> **INPUT DATA**:
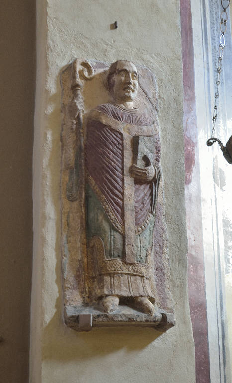 - NOTIZIE STORICO CRITICHE Il prezioso manufatto di età romanica rappresenta la più antica e nota figurazione di S. Siro, primo vescovo e patrono della città di Pavia (283-339). Il rilievo, è custodito nella chiesa dei SS. Gervasio e Protasio, identificata come la prima basilica cristiana fondata a Pavia nel IV secolo, come cattedrale extraurbana, dal S. Siro stesso, il protovesco che qui ebbe la sua prima sepoltura. Nel 1330 Opicino de Canistris definisce la chiesa dei SS. Gervasio e Protasio "que fuit prima ecclesia ticinensis". Tra l'830 e l'841 il corpo del Santo viene traslato da una chiesa ritenuta non sicura in quanto edificata in campagna fuori dalla cinta muraria alla nuova cattedrale gemina di S. Stefano e S. Maria del Popolo per opera del vescovo Adeodato (830-841). L'episodio viene narrato nella "Translatio", testo, privo di riferimenti cronologici, steso verosimilmente da un contemporaneo all'evento che Prelini identifica con il monaco Dungallo (monaco irlandese a cui Lotario 1º nell'825 affidava una scuola per l'istruzione del clero). Nello scritto è ricordato che la salma, avvolta in un lenzuolo, viene esposta per ventiquattro giorni nella basilica invernale (S. Maria del Popolo), mentre si provvedeva ad approntare un luogo idoneo in cui riporla nell'adiacente cattedrale estiva di S. Stefano. Nel 1875 l'erudito sacerdote pavese Cesare Prelini scopre, incise su una pietra inserita nella pavimentazione della chiesa, le lettere SVRVS EPC (Siro vescovo). Questo blocco di granito inscritto ed un altro complementare, utilizzati come soglia nelle prime cappelle laterali, facevano parte in origine di un sarcofago identificato come prima sepoltura di S. Siro. In occasione di questo rinvenimento Prelini, sulla scorta di due testi del Breventano e del Mezzadri, recupera anche, immurato nel convento francescano adiacente alla chiesa, il bassorilievo policromo del santo, in origine posizionato in facciata. Bernardo Sacco nella seconda metà del XVI secolo lo vede ancora in facciata, mentre il Mezzadri nel 1729 lo descrive già all'interno del convento (a partire dal 1712 la chiesa cambia orientamento, distruggendo la facciata disposta in origine ad occidente). Tra il 1875 e il 1887, viene quindi creata un'apposita cappella, la seconda a sinistra, intitolata in quell'occasione a S. Siro, nella quale vengono raccolti tutti i cimeli conservati nella chiesa legati alla figura del Protovescovo e Patrono di Pavia. Un semplice altare "a mensa" su quattro colonnine viene disegnato da Cesare Dagna per ospitare, inferiormente, il prezioso avello con la più antica sepoltura di S. Siro. Nel sacello vengono posizionati anche un cippo esagonale lipsanoforo (cioè custodia di reliquie di santi entro un apposito vano a forma di clessidra) in marmo bianco di Ossola; due semicapitelli corinzi romanici; la cinquecentesca pala d'altare con S. Siro (ora in canonica), nella piccola nicchia a parete protetta da inferriata una sola reliquia del Santo con quelle dei SS. Gervasio e Protasio e il rilievo policromo del vescovo pavese che viene murato nel piedritto sinistro dell'arco d'accesso alla cappella. La cappella, a pianta rettangolare coperta da volta a botte e illuminata da un'ampia finestra termale a lunetta, viene fatta costruire "dalle fondamenta" da Marco Antonio Giorgi nel 1591 e dedicata alla Beata Vergine delle Grazie e della Consolazione, come testimoniano i documenti e la lapide addossata al piedritto destro. Tale cappella, dipendente dal patronato della famiglia Giorgi, sarà all'inizio del Settecento intitolata a S. Giovanni Battista, quindi a S. Giuseppe.Taluna critica (Porter, Panazza) è concorde a datare il rilievo di S. Siro al XII sec., mentre altra (Gianani) all'inizio del XIII sec., l'ascrizione agli ultimi decenni del XII sec. legherebbe il bassorilievo alla ricostruzione tardo romanica della basilica ad aula unica.A Pavia si conservano altri quattro bassorilievi della metà del XII sec., raffiguranti vescovi, privi di iscrizioni e di attributi identificativi. In S. Michele i SS. Ennodio ed Eleucadio in facciata sopra i portali laterali; S. Nicola e S. Ennodio entro due clipei nell'architrave dell'ingresso nord; un vescovo non identificato in un'arcata del transetto nord. Ai Musei Civici, ma proveniente dalla facciata della distrutta chiesa romanica di S. Giovanni in Borgo, è esposta una figura a mezzo rilievo in un blocco rettangolare poggiante su un soppedaneo, di alta qualità, dalla quale, per Mazzilli, il rilievo di S. Siro riprenderebbe le dimensioni e l'iconografia (identica la perlinatura della bordura della dalmatica), con la sola variante del libro al posto del gesto benedicente alla greca. A proposito del quale Peroni vede 'la fedeltà a schemi iconografici di antica tradizione, per cui a reminiscenze della statuaria provinciale tardo-antica, mantenute vive dalla plastica in stucco, si associano puntigli descrittivi nella veste pontificale, alla loro volta rievocanti l'intaglio in avorio, sino a risalire ai dittici consolari'.
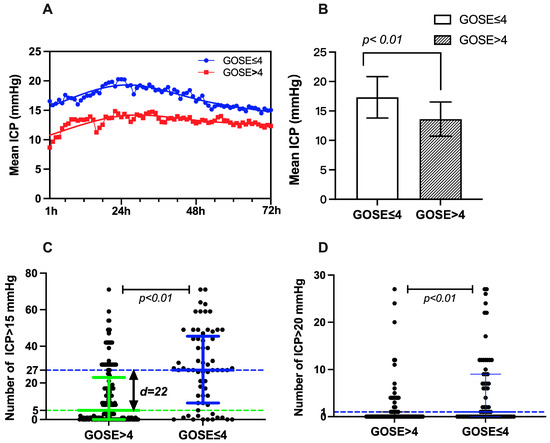 3.3. The Relationship between ICP Characteristics and Neurological Outcomes
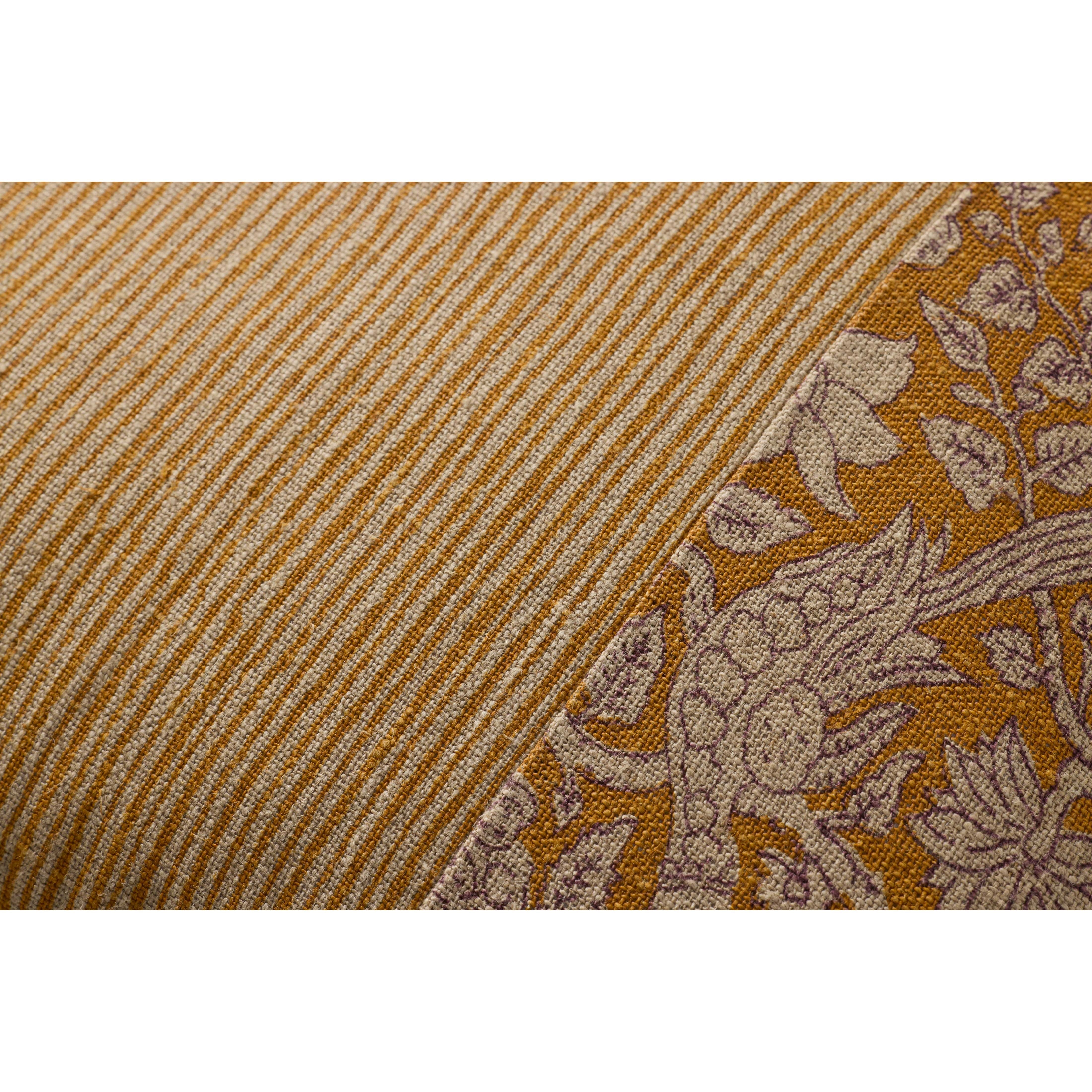 This beautiful linen throw pillow features a mustard yellow floral design based on classic Indian blockprinted fabrics, an elegant accent piece for living rooms, bedrooms, and more. The 18” x 18” square pillow is woven in India of 100% linen and has stitched flange edges.
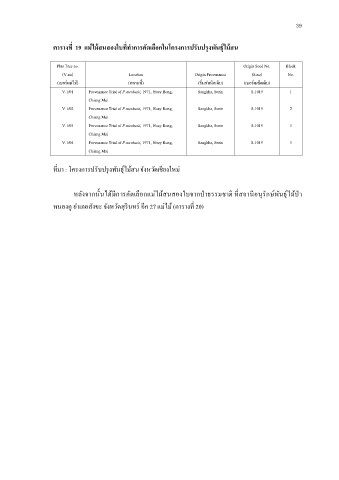ตารางที 19 แมไมสนสองใบที ทําการคัดเลือกในโครงการปรบปรุงพันธุไมสน
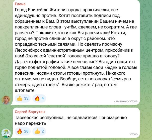 Губернатор края Михаил Котюков не намерен отступать от проведения муниципальной реформы В правительстве Красноярского края прошло совещание с главами муниципалитетов в связи с проводимой реформой, которую инициировал Михаил Котюков. Соответствующий закон был внесён в краевой парламент, и региональные депутаты его тут же приняли в первом чтении. Всё это вызвало волну негодования среди населения. Многие районы навсегда исчезнут с карты Красноярского края, при этом мнение людей об этом никто не спросил. Две недели люди из различных районов записывают видеообращения, подписывают петиции к главе государства с одной только просьбой — остановить начавшуюся реформу и сохранить их территории. Краевые власти до последнего сохраняли молчание, упорно делая вид, что это не столь значимый вопрос, называя протестующий народ мифическим. Несколько акций протестов прошли в очном формате. Порядка 400 жителей Тасеевского района вышли с требованиями и плакатами на центральную площадь села, аналогичная м
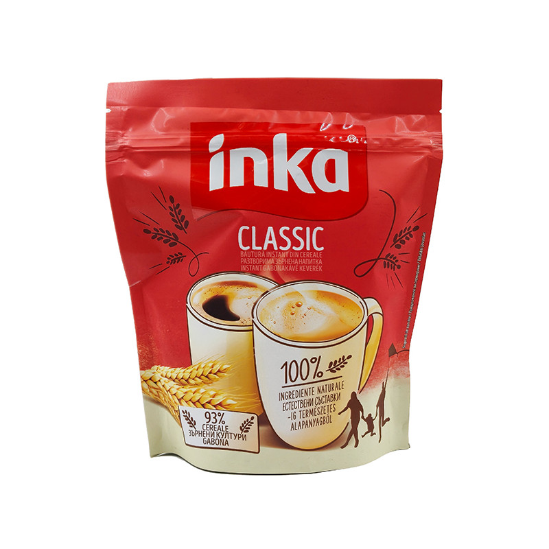 Inka Класик е натурална, разтворима напитка от ечемик, ръж и цикория. Балансиран аромат и мек вкус, който напомня на истинско кафе. Не съдържа кофеин.
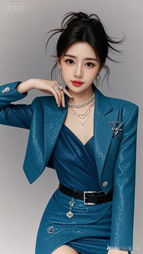 龚女长发凌乱盘起,浓眉下双眸清澈。亮色不规则西服闪耀,胸针与项链耳坠呼应。亮晶晶腰带束于深色阔腿裤上,姿态松弛,定格镜头下的摩登魅力。
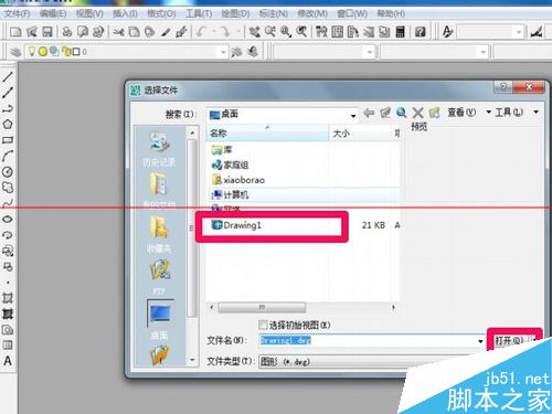 2、在打开的软件中点击“文件”选择“打开”找到自己要定义成块的图形,如图所示。
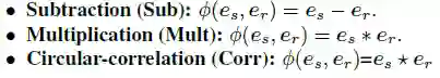 其中N(v)表示结点v的出边相连的结点集合。CompGCN首先对相邻接点以及对应的边进行组合操作,以此来保证特征的维度是线性的,具体的更新公式如下:
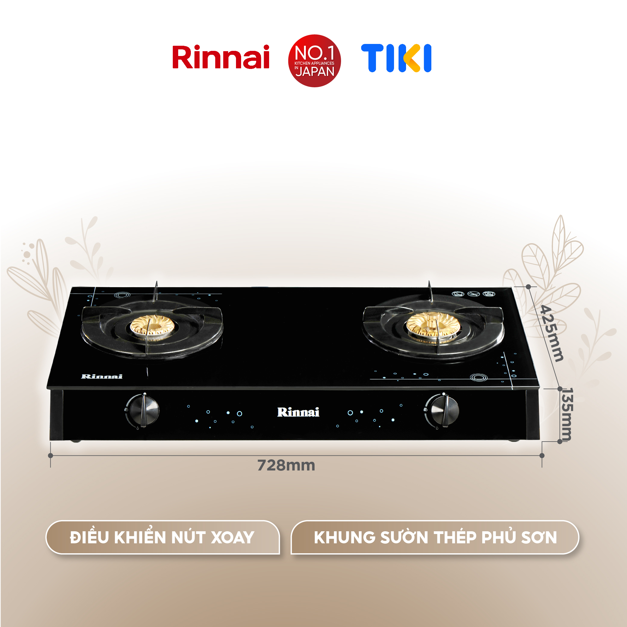 * Mặt kiếng cao cấp chịu lực, chịu nhiệt, thiết kế hoa văn sang trọng; - Thân bếp làm bằng inox chống rỉ sét, cao 60mm; - Núm vặn kiểu Rinnai; - Kiềng thép sơn
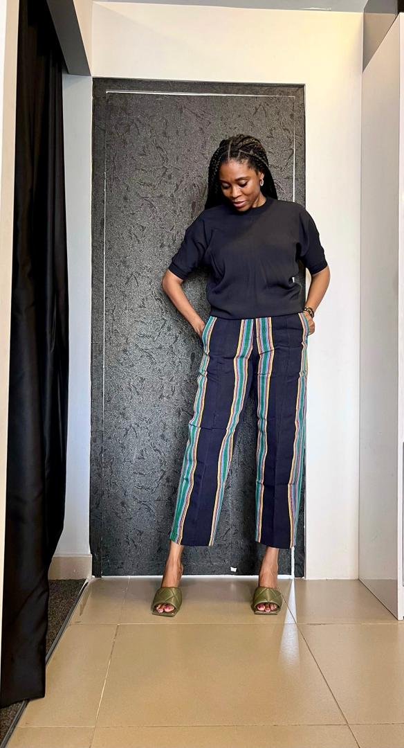 Unisex pants made with thick woven cotton fabric (aso oke).

> **PROBLEM STATEMENT**: The data is to be restated word for word, with any pictures set aside.

> **ANSWER FOR THIS EXERCISE**:
 - NOTIZIE STORICO CRITICHE Il prezioso manufatto di età romanica rappresenta la più antica e nota figurazione di S. Siro, primo vescovo e patrono della città di Pavia (283-339). Il rilievo, è custodito nella chiesa dei SS. Gervasio e Protasio, identificata come la prima basilica cristiana fondata a Pavia nel IV secolo, come cattedrale extraurbana, dal S. Siro stesso, il protovesco che qui ebbe la sua prima sepoltura. Nel 1330 Opicino de Canistris definisce la chiesa dei SS. Gervasio e Protasio "que fuit prima ecclesia ticinensis". Tra l'830 e l'841 il corpo del Santo viene traslato da una chiesa ritenuta non sicura in quanto edificata in campagna fuori dalla cinta muraria alla nuova cattedrale gemina di S. Stefano e S. Maria del Popolo per opera del vescovo Adeodato (830-841). L'episodio viene narrato nella "Translatio", testo, privo di riferimenti cronologici, steso verosimilmente da un contemporaneo all'evento che Prelini identifica con il monaco Dungallo (monaco irlandese a cui Lotario 1º nell'825 affidava una scuola per l'istruzione del clero). Nello scritto è ricordato che la salma, avvolta in un lenzuolo, viene esposta per ventiquattro giorni nella basilica invernale (S. Maria del Popolo), mentre si provvedeva ad approntare un luogo idoneo in cui riporla nell'adiacente cattedrale estiva di S. Stefano. Nel 1875 l'erudito sacerdote pavese Cesare Prelini scopre, incise su una pietra inserita nella pavimentazione della chiesa, le lettere SVRVS EPC (Siro vescovo). Questo blocco di granito inscritto ed un altro complementare, utilizzati come soglia nelle prime cappelle laterali, facevano parte in origine di un sarcofago identificato come prima sepoltura di S. Siro. In occasione di questo rinvenimento Prelini, sulla scorta di due testi del Breventano e del Mezzadri, recupera anche, immurato nel convento francescano adiacente alla chiesa, il bassorilievo policromo del santo, in origine posizionato in facciata. Bernardo Sacco nella seconda metà del XVI secolo lo vede ancora in facciata, mentre il Mezzadri nel 1729 lo descrive già all'interno del convento (a partire dal 1712 la chiesa cambia orientamento, distruggendo la facciata disposta in origine ad occidente). Tra il 1875 e il 1887, viene quindi creata un'apposita cappella, la seconda a sinistra, intitolata in quell'occasione a S. Siro, nella quale vengono raccolti tutti i cimeli conservati nella chiesa legati alla figura del Protovescovo e Patrono di Pavia. Un semplice altare "a mensa" su quattro colonnine viene disegnato da Cesare Dagna per ospitare, inferiormente, il prezioso avello con la più antica sepoltura di S. Siro. Nel sacello vengono posizionati anche un cippo esagonale lipsanoforo (cioè custodia di reliquie di santi entro un apposito vano a forma di clessidra) in marmo bianco di Ossola; due semicapitelli corinzi romanici; la cinquecentesca pala d'altare con S. Siro (ora in canonica), nella piccola nicchia a parete protetta da inferriata una sola reliquia del Santo con quelle dei SS. Gervasio e Protasio e il rilievo policromo del vescovo pavese che viene murato nel piedritto sinistro dell'arco d'accesso alla cappella. La cappella, a pianta rettangolare coperta da volta a botte e illuminata da un'ampia finestra termale a lunetta, viene fatta costruire "dalle fondamenta" da Marco Antonio Giorgi nel 1591 e dedicata alla Beata Vergine delle Grazie e della Consolazione, come testimoniano i documenti e la lapide addossata al piedritto destro. Tale cappella, dipendente dal patronato della famiglia Giorgi, sarà all'inizio del Settecento intitolata a S. Giovanni Battista, quindi a S. Giuseppe.Taluna critica (Porter, Panazza) è concorde a datare il rilievo di S. Siro al XII sec., mentre altra (Gianani) all'inizio del XIII sec., l'ascrizione agli ultimi decenni del XII sec. legherebbe il bassorilievo alla ricostruzione tardo romanica della basilica ad aula unica.A Pavia si conservano altri quattro bassorilievi della metà del XII sec., raffiguranti vescovi, privi di iscrizioni e di attributi identificativi. In S. Michele i SS. Ennodio ed Eleucadio in facciata sopra i portali laterali; S. Nicola e S. Ennodio entro due clipei nell'architrave dell'ingresso nord; un vescovo non identificato in un'arcata del transetto nord. Ai Musei Civici, ma proveniente dalla facciata della distrutta chiesa romanica di S. Giovanni in Borgo, è esposta una figura a mezzo rilievo in un blocco rettangolare poggiante su un soppedaneo, di alta qualità, dalla quale, per Mazzilli, il rilievo di S. Siro riprenderebbe le dimensioni e l'iconografia (identica la perlinatura della bordura della dalmatica), con la sola variante del libro al posto del gesto benedicente alla greca. A proposito del quale Peroni vede 'la fedeltà a schemi iconografici di antica tradizione, per cui a reminiscenze della statuaria provinciale tardo-antica, mantenute vive dalla plastica in stucco, si associano puntigli descrittivi nella veste pontificale, alla loro volta rievocanti l'intaglio in avorio, sino a risalire ai dittici consolari'.
 3.3. The Relationship between ICP Characteristics and Neurological Outcomes
 This beautiful linen throw pillow features a mustard yellow floral design based on classic Indian blockprinted fabrics, an elegant accent piece for living rooms, bedrooms, and more. The 18” x 18” square pillow is woven in India of 100% linen and has stitched flange edges.
ตารางที 19 แมไมสนสองใบที ทําการคัดเลือกในโครงการปรบปรุงพันธุไมสน
 Губернатор края Михаил Котюков не намерен отступать от проведения муниципальной реформы В правительстве Красноярского края прошло совещание с главами муниципалитетов в связи с проводимой реформой, которую инициировал Михаил Котюков. Соответствующий закон был внесён в краевой парламент, и региональные депутаты его тут же приняли в первом чтении. Всё это вызвало волну негодования среди населения. Многие районы навсегда исчезнут с карты Красноярского края, при этом мнение людей об этом никто не спросил. Две недели люди из различных районов записывают видеообращения, подписывают петиции к главе государства с одной только просьбой — остановить начавшуюся реформу и сохранить их территории. Краевые власти до последнего сохраняли молчание, упорно делая вид, что это не столь значимый вопрос, называя протестующий народ мифическим. Несколько акций протестов прошли в очном формате. Порядка 400 жителей Тасеевского района вышли с требованиями и плакатами на центральную площадь села, аналогичная м
 Inka Класик е натурална, разтворима напитка от ечемик, ръж и цикория. Балансиран аромат и мек вкус, който напомня на истинско кафе. Не съдържа кофеин.
 龚女长发凌乱盘起,浓眉下双眸清澈。亮色不规则西服闪耀,胸针与项链耳坠呼应。亮晶晶腰带束于深色阔腿裤上,姿态松弛,定格镜头下的摩登魅力。
 2、在打开的软件中点击“文件”选择“打开”找到自己要定义成块的图形,如图所示。
 其中N(v)表示结点v的出边相连的结点集合。CompGCN首先对相邻接点以及对应的边进行组合操作,以此来保证特征的维度是线性的,具体的更新公式如下:
 * Mặt kiếng cao cấp chịu lực, chịu nhiệt, thiết kế hoa văn sang trọng; - Thân bếp làm bằng inox chống rỉ sét, cao 60mm; - Núm vặn kiểu Rinnai; - Kiềng thép sơn
 Unisex pants made with thick woven cotton fabric (aso oke).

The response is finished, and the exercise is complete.